The first global malaria risk map to be developed in forty years has revealed that about 35 percent of the worlds population is at risk of contracting malaria, but many people are at a lower risk than previously thought, raising hope that the disease could be seriously reduced or eliminated in parts of the world.

Washington, Feb 26 : The first global malaria risk map to be developed in forty years has revealed that about 35 percent of the world's population is at risk of contracting malaria, but many people are at a lower risk than previously thought, raising hope that the disease could be seriously reduced or eliminated in parts of the world.

Researchers at Oxford University and the Kenyan Medical Research Institute, including a scientist at the University of Florida Emerging Pathogens Institute spent three years producing the Malaria Atlas Project, or MAP.

Through the map, they found that 2.37 billion people were at risk of contracting malaria from Plasmodium faciparum, the most deadly malaria parasite for humans transmitted through the bites of infected Anopheles mosquitoes.

Out of that number, about 1 billion people live under a much lower risk of infection than was assumed under the previous historical maps.

Less than expected risk extends across Central and South America, Asia and even parts of Africa, the continent where malaria kills a large number of its victims and where risk has historically been classified as universally high.

"This gives some hope of pursuing malaria elimination because the prevalence isn't as universally high as many people suppose," said David Smith, a UF associate professor of zoology and a co-author of the paper.

"It's reasonable to think we can reduce or interrupt transmission in many places, but the prospects for success will improve if we make plans that are based on good information about malaria's distribution," he added.

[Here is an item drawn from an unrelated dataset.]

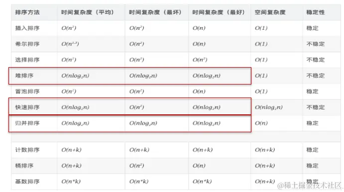 不同排序算法的时间复杂度

To create the MAP, researchers compiled information from national health statistics, tourist travel advisories, climate, mosquito vectors and surveys of malaria infection in nearly 5,000 communities and 87 countries.

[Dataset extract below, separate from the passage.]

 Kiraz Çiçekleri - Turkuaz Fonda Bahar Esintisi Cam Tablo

The project also included information about how climatic conditions affect mosquito life cycles, and thus the likelihood of active transmission.

According to researchers, the new map is important in part because it offers hope that malaria could be eliminated in certain areas using currently available tools, such as bed nets treated with insecticide that kills mosquitoes.

They further said that the project will also help donors and international agencies target investments in control measures where they are most likely to achieve the biggest gains.

"Making data and maps more accessible on the worldwide web is a large part of the MAP's philosophy of getting the science accessed, critiqued and used by a much wider range of users," said the lead author of the study, Carlos Guerra, of the University of Oxford.

The findings appear in the online edition of the open-access medical journal, PLoS Medicine.